*** ENTRIES PROVIDED

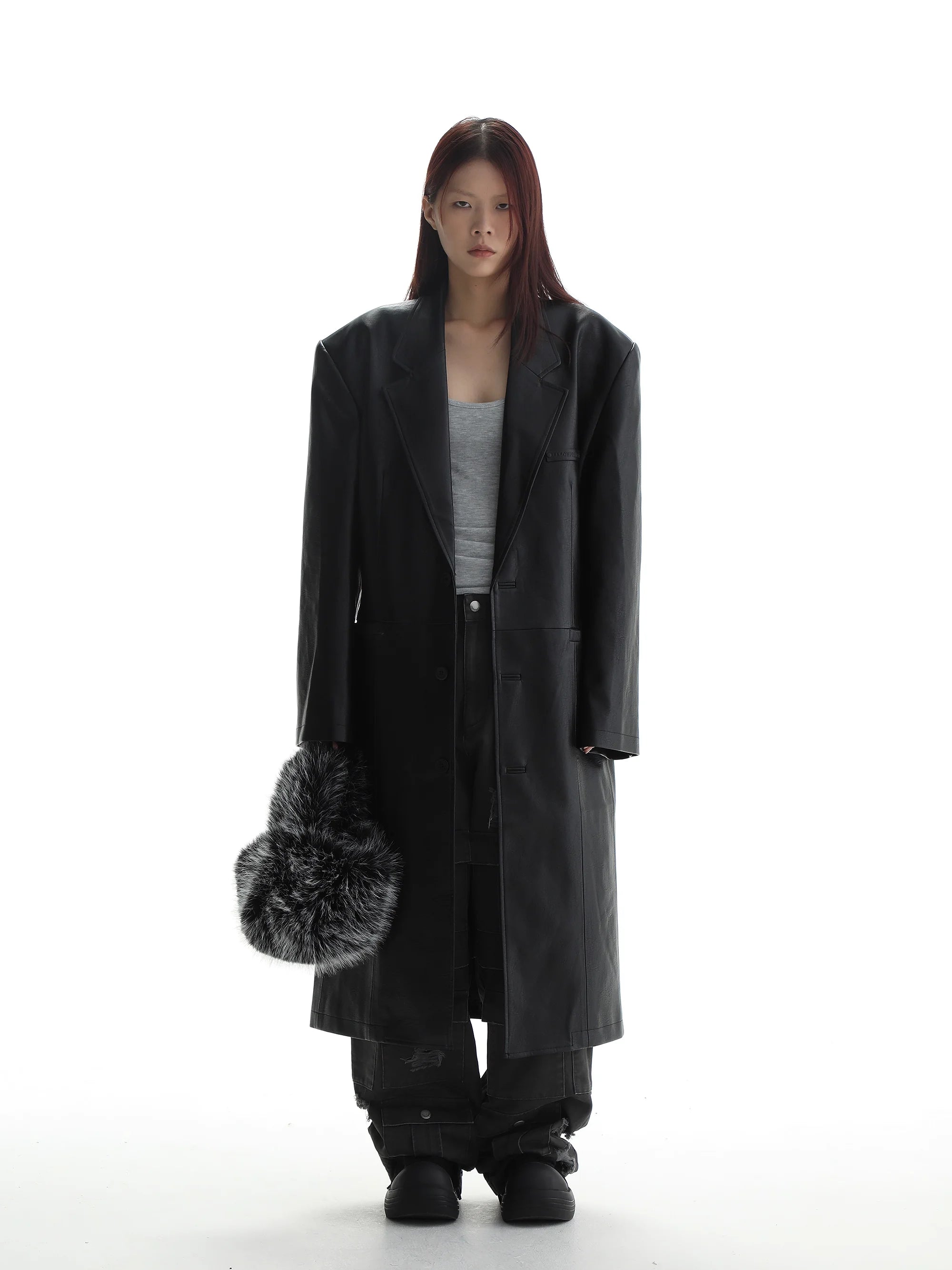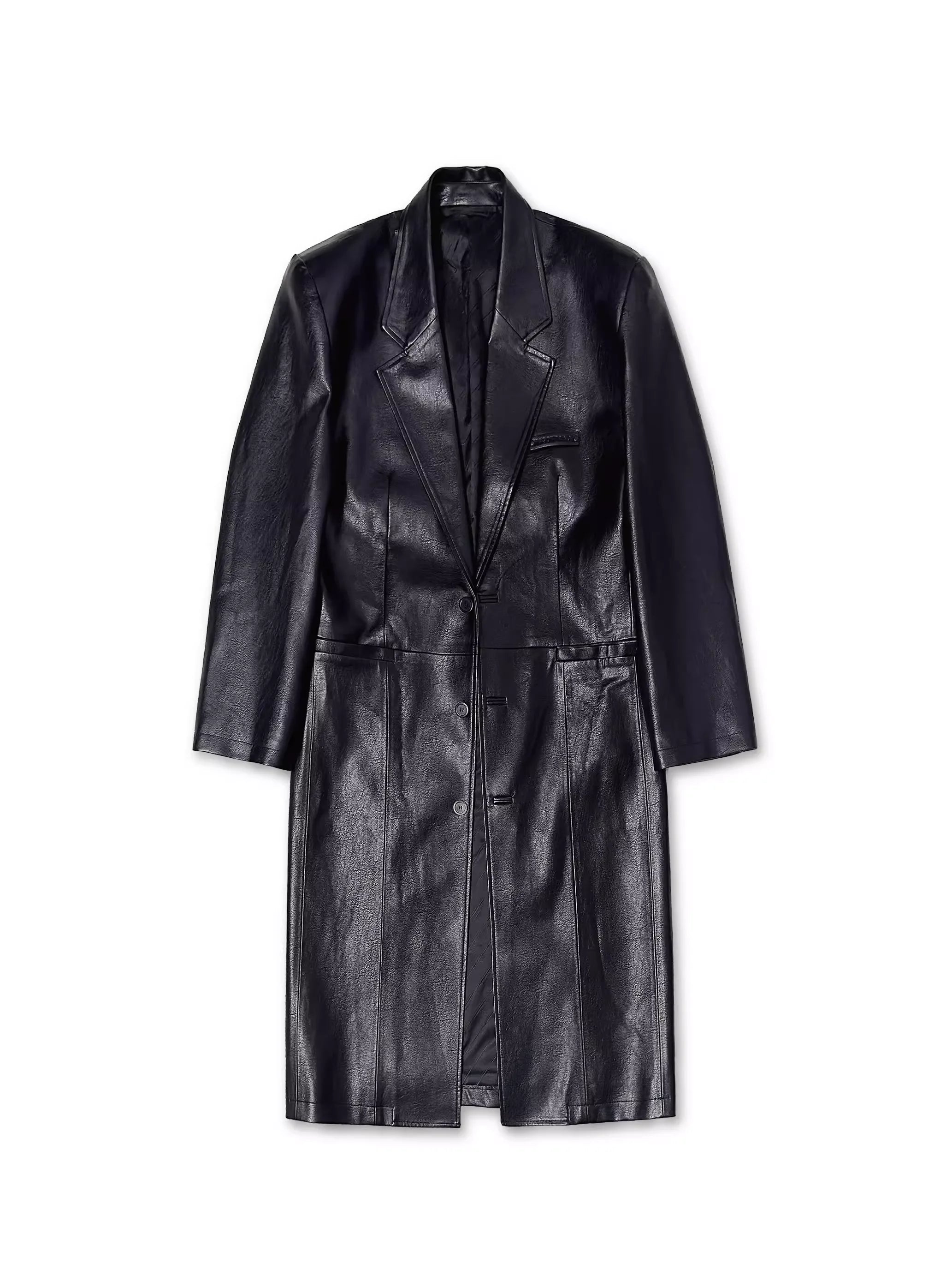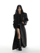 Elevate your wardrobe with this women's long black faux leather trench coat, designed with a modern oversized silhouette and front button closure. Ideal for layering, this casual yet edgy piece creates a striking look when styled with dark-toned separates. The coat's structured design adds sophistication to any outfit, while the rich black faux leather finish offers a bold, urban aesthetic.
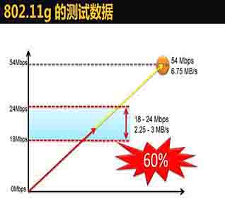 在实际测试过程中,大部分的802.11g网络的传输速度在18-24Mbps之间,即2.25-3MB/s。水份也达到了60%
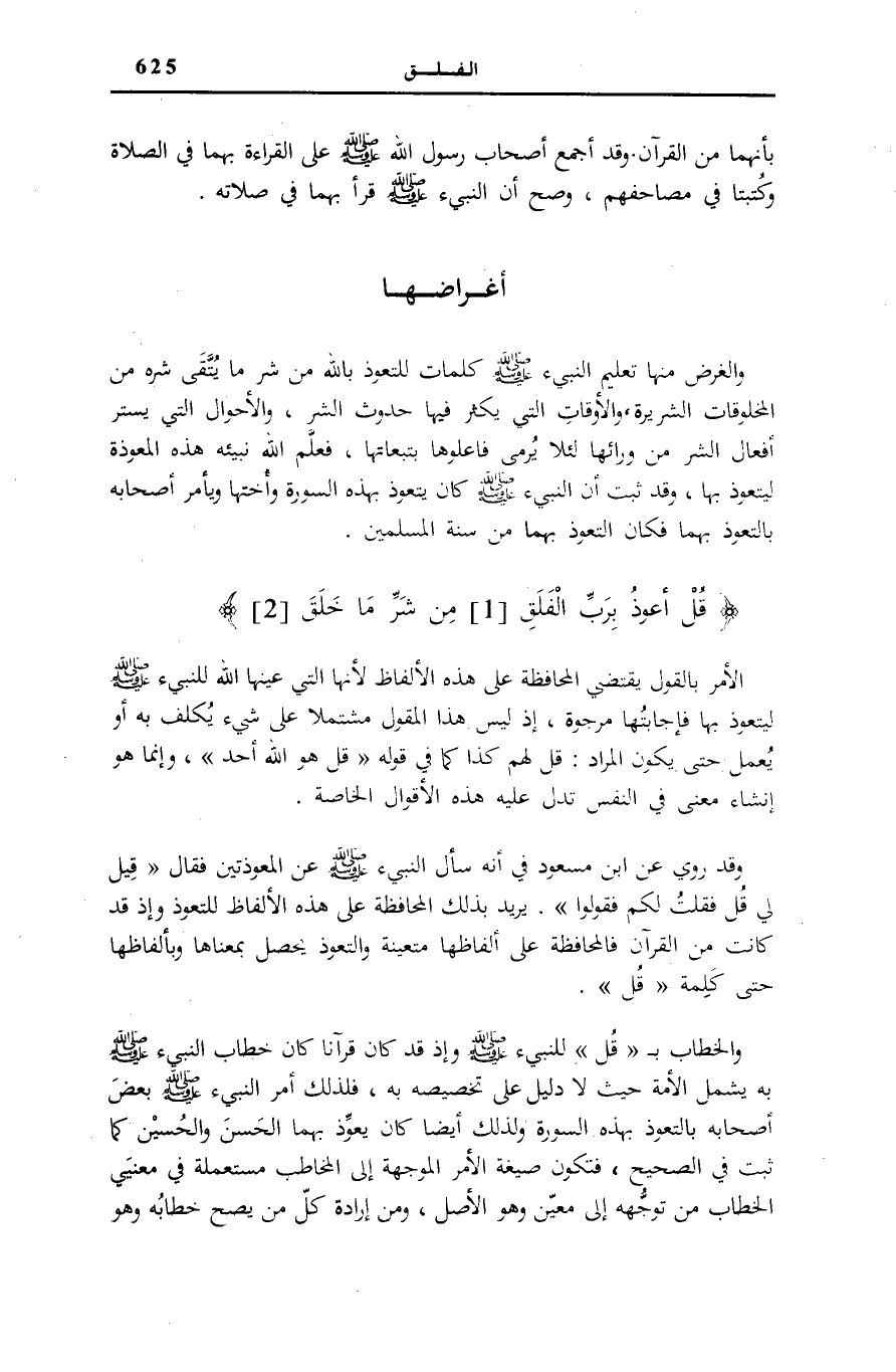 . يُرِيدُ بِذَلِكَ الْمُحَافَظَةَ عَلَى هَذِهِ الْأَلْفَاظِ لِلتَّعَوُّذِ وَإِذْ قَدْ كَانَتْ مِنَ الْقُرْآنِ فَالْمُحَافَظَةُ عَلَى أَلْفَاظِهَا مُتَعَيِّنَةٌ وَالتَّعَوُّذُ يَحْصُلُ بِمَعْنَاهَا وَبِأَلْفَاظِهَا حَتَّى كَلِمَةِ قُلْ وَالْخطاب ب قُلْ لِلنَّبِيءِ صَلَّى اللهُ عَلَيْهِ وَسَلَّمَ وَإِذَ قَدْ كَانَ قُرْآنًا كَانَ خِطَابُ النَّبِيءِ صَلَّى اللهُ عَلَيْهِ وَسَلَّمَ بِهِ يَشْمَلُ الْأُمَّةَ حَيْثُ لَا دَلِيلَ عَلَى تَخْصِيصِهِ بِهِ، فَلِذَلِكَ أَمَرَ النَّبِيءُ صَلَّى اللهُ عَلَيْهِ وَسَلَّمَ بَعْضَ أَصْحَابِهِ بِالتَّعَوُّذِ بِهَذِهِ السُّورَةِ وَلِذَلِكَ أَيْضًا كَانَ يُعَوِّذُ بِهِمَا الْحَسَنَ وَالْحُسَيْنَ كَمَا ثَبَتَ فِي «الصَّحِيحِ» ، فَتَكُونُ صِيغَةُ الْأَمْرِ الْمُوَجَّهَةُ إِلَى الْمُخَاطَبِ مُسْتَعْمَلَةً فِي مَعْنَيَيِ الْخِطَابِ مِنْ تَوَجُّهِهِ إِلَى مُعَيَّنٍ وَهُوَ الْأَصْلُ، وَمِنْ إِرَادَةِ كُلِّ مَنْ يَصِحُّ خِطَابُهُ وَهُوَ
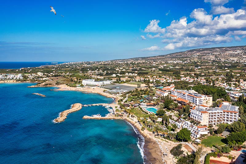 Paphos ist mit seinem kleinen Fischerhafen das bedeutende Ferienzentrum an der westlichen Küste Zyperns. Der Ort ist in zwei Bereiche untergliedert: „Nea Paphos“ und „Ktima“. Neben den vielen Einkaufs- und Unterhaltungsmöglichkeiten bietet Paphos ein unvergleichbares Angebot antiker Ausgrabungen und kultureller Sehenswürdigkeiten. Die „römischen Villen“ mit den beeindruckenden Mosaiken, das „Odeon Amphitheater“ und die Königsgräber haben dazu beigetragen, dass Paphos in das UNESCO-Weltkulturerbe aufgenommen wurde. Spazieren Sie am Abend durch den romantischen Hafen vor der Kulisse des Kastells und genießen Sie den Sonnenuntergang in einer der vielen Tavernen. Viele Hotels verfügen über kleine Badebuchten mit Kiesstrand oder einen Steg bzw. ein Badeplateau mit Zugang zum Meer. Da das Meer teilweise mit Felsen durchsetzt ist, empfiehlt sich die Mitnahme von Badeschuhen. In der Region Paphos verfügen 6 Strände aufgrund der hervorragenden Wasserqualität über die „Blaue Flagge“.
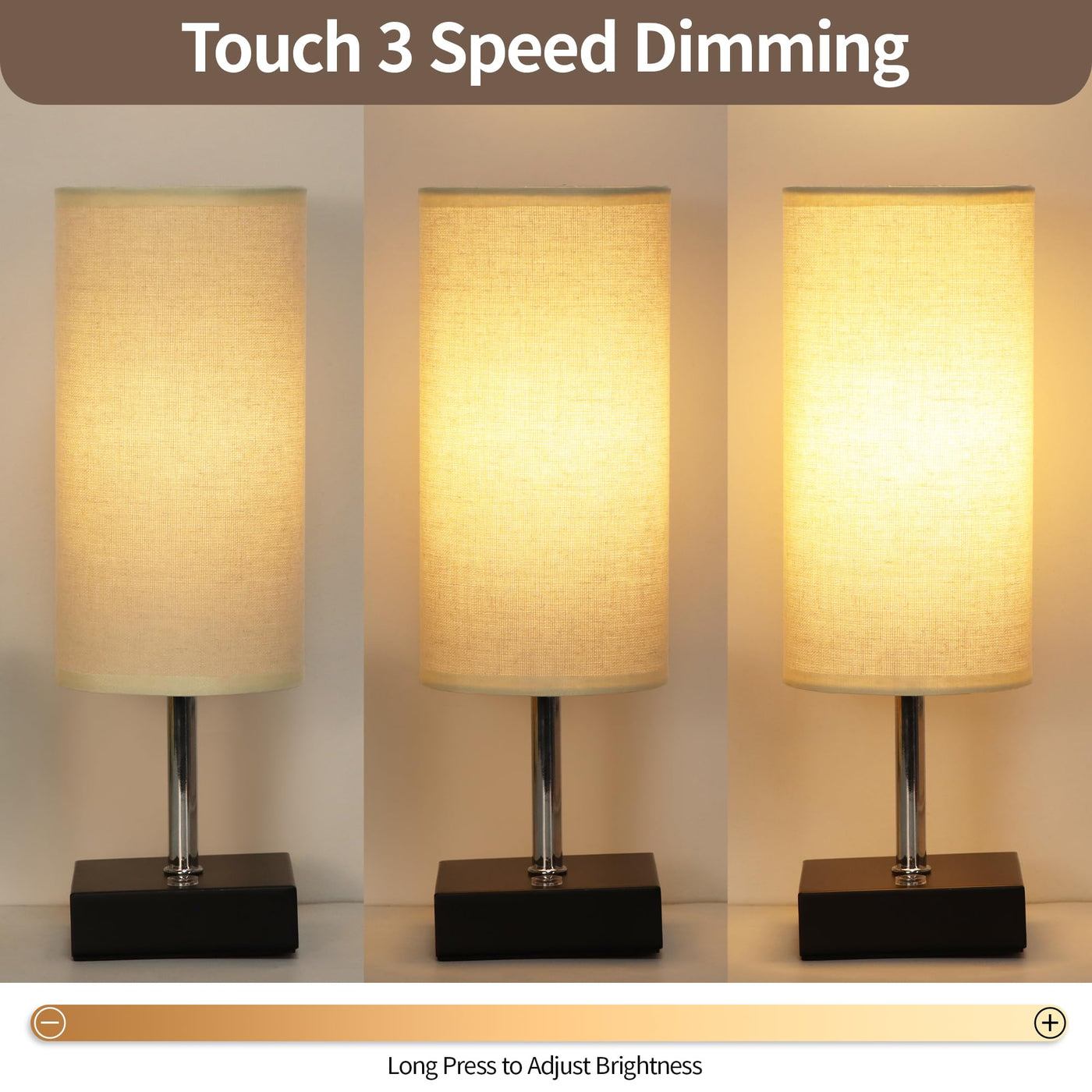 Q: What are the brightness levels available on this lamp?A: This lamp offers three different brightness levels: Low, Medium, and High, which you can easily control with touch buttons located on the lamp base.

******

• [EXERCISE PROMPT] The answer should contain only the lines from the start of the records above through the line with "在实际测试过程中,大部分的8", copied exactly, and no pictures.

• [TASK OUTPUT]
 Elevate your wardrobe with this women's long black faux leather trench coat, designed with a modern oversized silhouette and front button closure. Ideal for layering, this casual yet edgy piece creates a striking look when styled with dark-toned separates. The coat's structured design adds sophistication to any outfit, while the rich black faux leather finish offers a bold, urban aesthetic.
 在实际测试过程中,大部分的802.11g网络的传输速度在18-24Mbps之间,即2.25-3MB/s。水份也达到了60%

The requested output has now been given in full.